Welcome to the first ever CU Boulder College of Engineering and Applied Science college-wide Engineering Projects Expo, where hundreds of seniors and graduate students shared their inventions, software and solutions to real-world problems.
“It was a really exciting day, coming together with everyone to celebrate awesomeness,” said mechanical engineering senior Gage Froelich.
Projects at the April 27 event ranged from consumer-oriented devices like new mobile apps and high-tech retractable running boards for pickup trucks, to aerospace industry projects creating sensors for future space missions, to Denver Water-sponsored teams designing proposals for a planned expansion of Gross Reservoir and Dam in the mountains west of the Mile High City.
“Today was a lot of fun. I got to demo my augmented reality project to a lot of people using Microsoft’s HoloLens AR system, which most people outside Boulder probably won’t see for 10 years,” said computer science senior Tarah Peltz.
The expo is the culmination of senior design, a required capstone course where students spend months designing, redesigning, building and testing a new product or device.
Each of the engineering majors structure the course a little bit differently. Some are team projects and others are solo. Many have sponsoring businesses or labs, but not all. The course itself can be one semester or two. What ties them all together is how they compel students to apply with they have been learning over their college careers and push themselves to grow further as young professionals.
In previous years, each major held their own, independent expo. 2018 is the first time students from across the college have come together for a joint event.

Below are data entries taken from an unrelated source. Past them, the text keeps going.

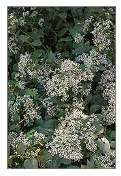
White Big Leaf Aster flowers

White Big Leaf Aster is recommended for the following landscape applications;
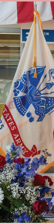
Six armed forces
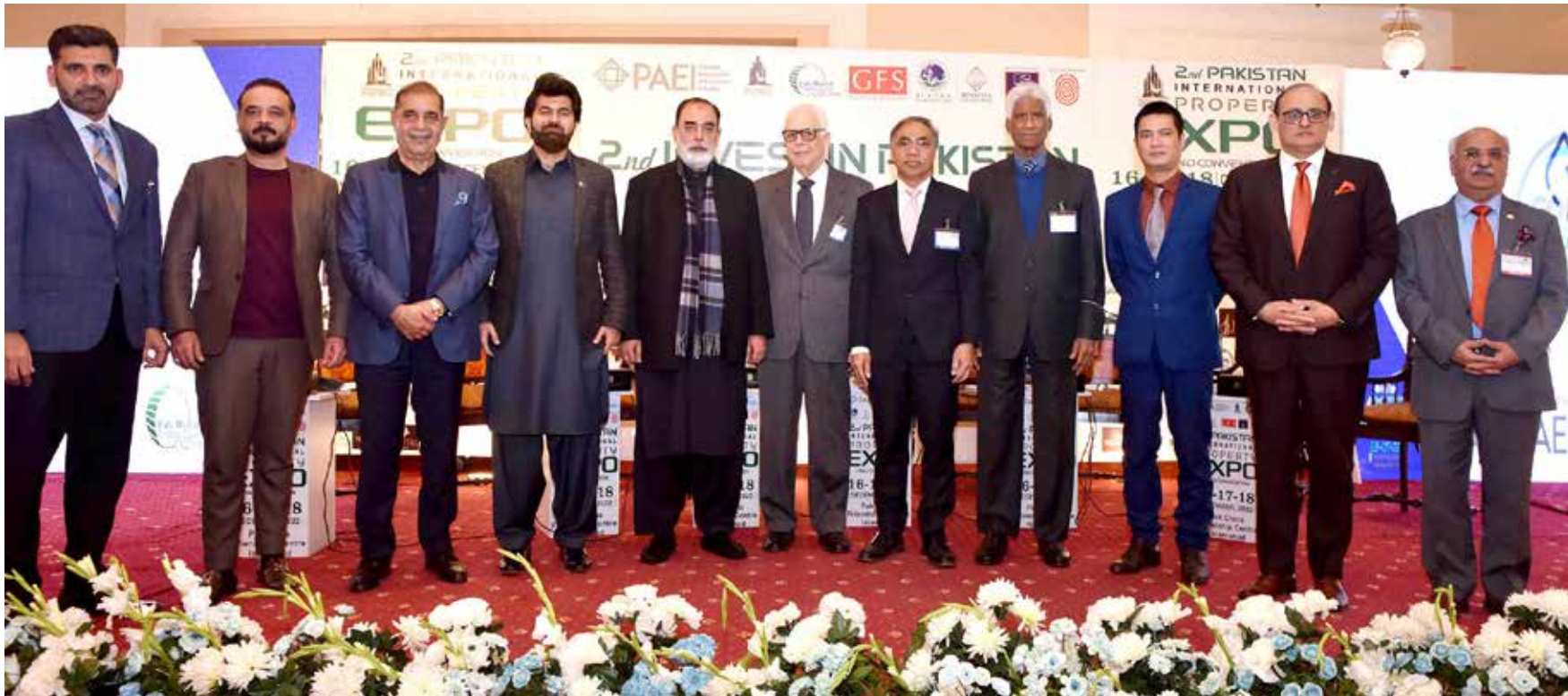
ISLAMABAD: Federal Minister Senator Talha Mehmood, Ambassadors of Brazil, Indonesia, Mauritius, Vietnam and others posing for a picture on the occasion of 2nd Investment in Pakistan conference organized by Khurshid Barlas under the aegis of PAEI, at Islamabad Serena Hotel.

The purpose of this conference was expressed by the speakers regarding investment in Pakistan. Special guest Federal Minister Senator Talha Mehmood while addressing the conference said that there will be a free foreign policy only with a strong economy
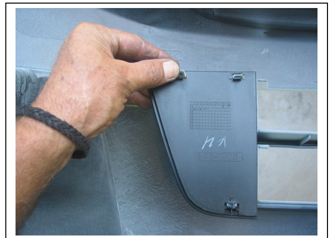
Figure 4: Remove passengers side blanking plate
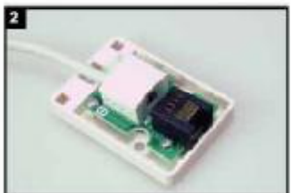
cover the duct caps of the jack carefully .
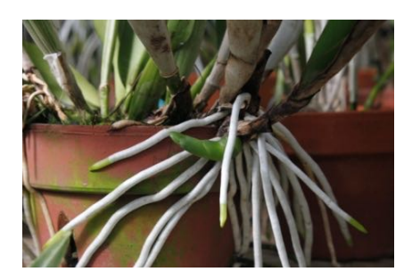
Cattleya Out of the Pot

When your plant is growing well, it is throwing off new growths, more leaves on a phalaenopsis or vanda, more pseudobulbs on a cattleya, more canes on a dendrobium, etc. With each new growth, comes the potential for new blooms. Dendrobiums are the exception, many will bloom from older growths, but cattleyas will only bloom from new
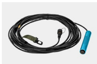
Sensor cable VXB3 SEPOS®, 15 m/12 m Item No. 2502590101
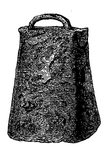
Fig. 2. The Bell of Kingoldrum.
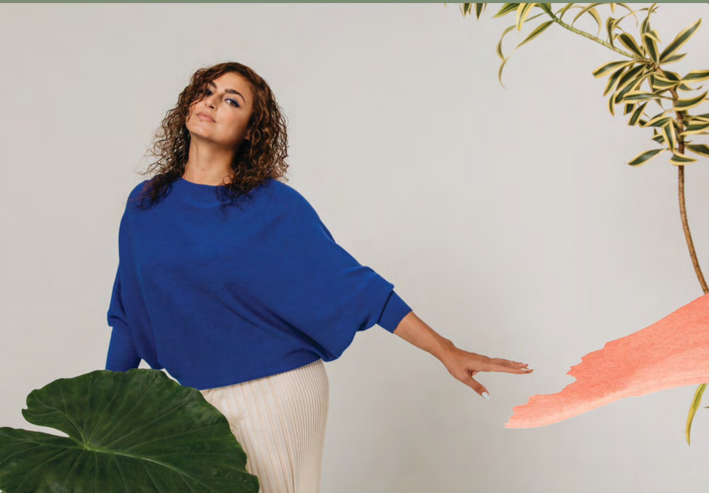
Ryu Top G550 ROYAL BLUE
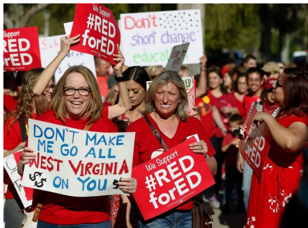
Figure 23: An Arizona Teacher on Strike References the West Virginia Teachers Strikes 22

This teacher expresses feeling empowered precisely because she witnessed the teachers of West Virginia walk out. Without witnessing the West Virginia teachers on strike, teachers from other states might not have felt empowered to organize their own efforts, and any of the subsequent ten education strikes to follow might not have happened. This inspiration is depicted in the image below, which shows a teacher from Arizona on strike, holding a sign that says: “Don’t make me go all West Virginia on you.”
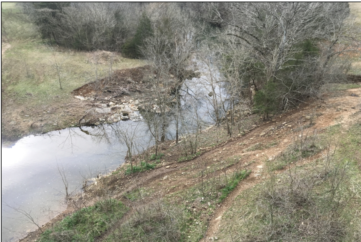
Downstream channel view.
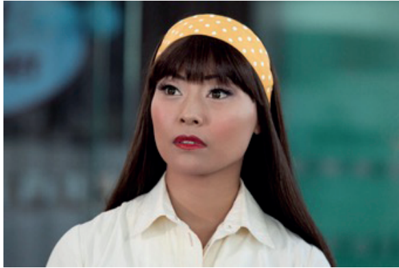
Figure 1. The hubot Anita/Mimi.
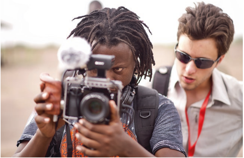
Fig. 1 Members of the UPenn and Kakuma team documenting the healthcare system capture B-roll
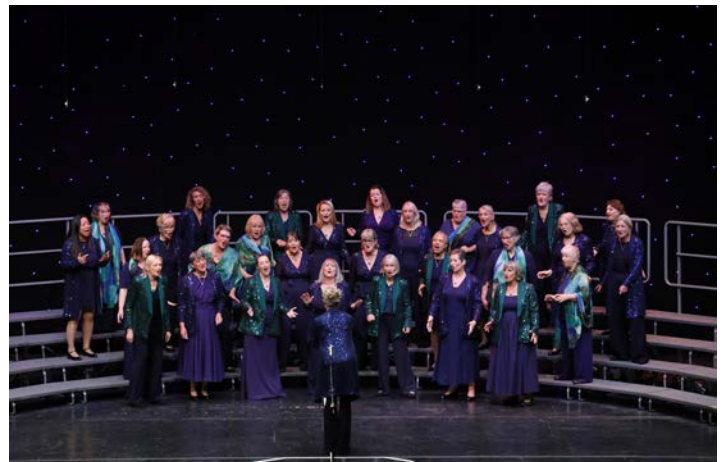
Mayflower A Cappella
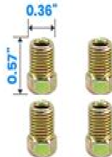
3/16" Inverted Tube Nut
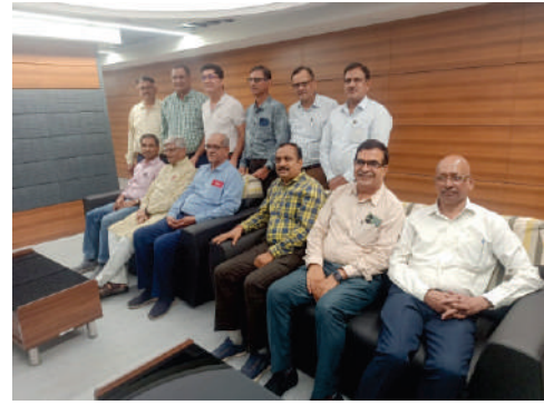
GS/WREU & GS/AIRF visited DFCCL Control Room, Ahmedabad.
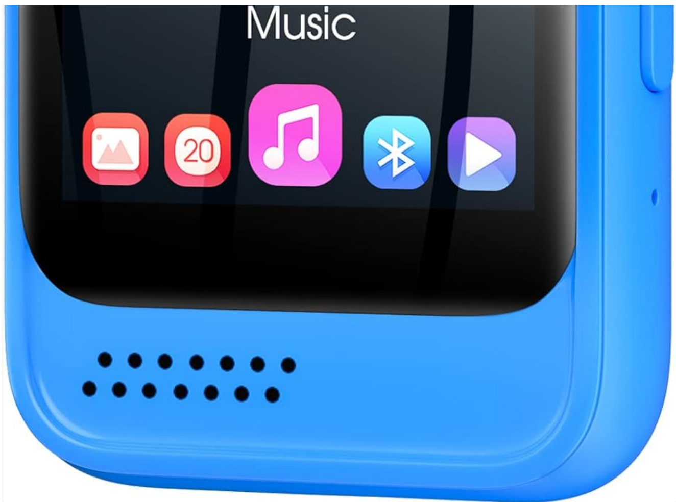
Image: Front view of the Jolike Bluetooth 5.0 MP3 Player, showcasing its compact design and touch screen interface.
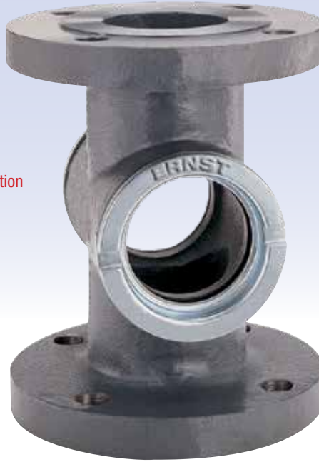
MODEL EFI 215-P (Plain)

Consult Ernst Flow Industries for PVC dimensions and weights.
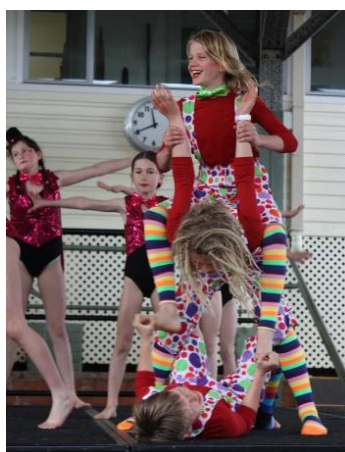
Clowns in Join the Circus

Held on the concourse of Coors Event Center, projects stretched around the entire arena. Students discussed their work with hundreds of peers, parents, businesses representatives and members of the general public.

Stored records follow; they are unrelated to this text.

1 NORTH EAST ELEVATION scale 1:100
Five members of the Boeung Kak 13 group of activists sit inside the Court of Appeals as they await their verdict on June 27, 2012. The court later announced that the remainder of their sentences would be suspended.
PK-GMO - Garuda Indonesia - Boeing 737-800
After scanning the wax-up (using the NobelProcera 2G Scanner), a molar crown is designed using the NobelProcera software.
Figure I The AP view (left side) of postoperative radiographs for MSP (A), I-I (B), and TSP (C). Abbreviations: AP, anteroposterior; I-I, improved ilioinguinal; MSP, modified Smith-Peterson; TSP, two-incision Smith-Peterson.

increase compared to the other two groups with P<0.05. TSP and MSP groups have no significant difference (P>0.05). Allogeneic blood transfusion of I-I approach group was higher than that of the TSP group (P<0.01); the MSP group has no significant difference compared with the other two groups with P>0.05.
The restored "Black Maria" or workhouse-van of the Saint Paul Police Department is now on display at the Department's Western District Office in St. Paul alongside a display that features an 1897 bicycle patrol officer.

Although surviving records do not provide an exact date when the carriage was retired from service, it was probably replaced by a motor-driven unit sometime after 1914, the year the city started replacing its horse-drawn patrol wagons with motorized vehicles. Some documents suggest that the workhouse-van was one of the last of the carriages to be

The entire event is a chance for people to experience how students like Technology, Arts and Media (TAM) senior Cassandra Goodby have channeled their passion, enthusiasm and hundreds of hours of work into creating something new.
“I’m really into data visualization. I made an interactive website showcasing data visualization of the taxonomy of beers. People passing by stop because it’s about beer, and then I can talk with them about everything else,” Goodby said.
While the spring semester is nearly over, some will continue to have a life after graduation. Mechanical engineering senior Jordon Thoning’s team project, sponsored by Sandia National Laboratories and called the Space Deliver Safety Device, is heading up -- way up.
“Sandia also sponsored identical projects at eight or nine other universities,” Thoning said. “They’re going to send them all up on a sounding rocket and see which one works the best to continue developing.”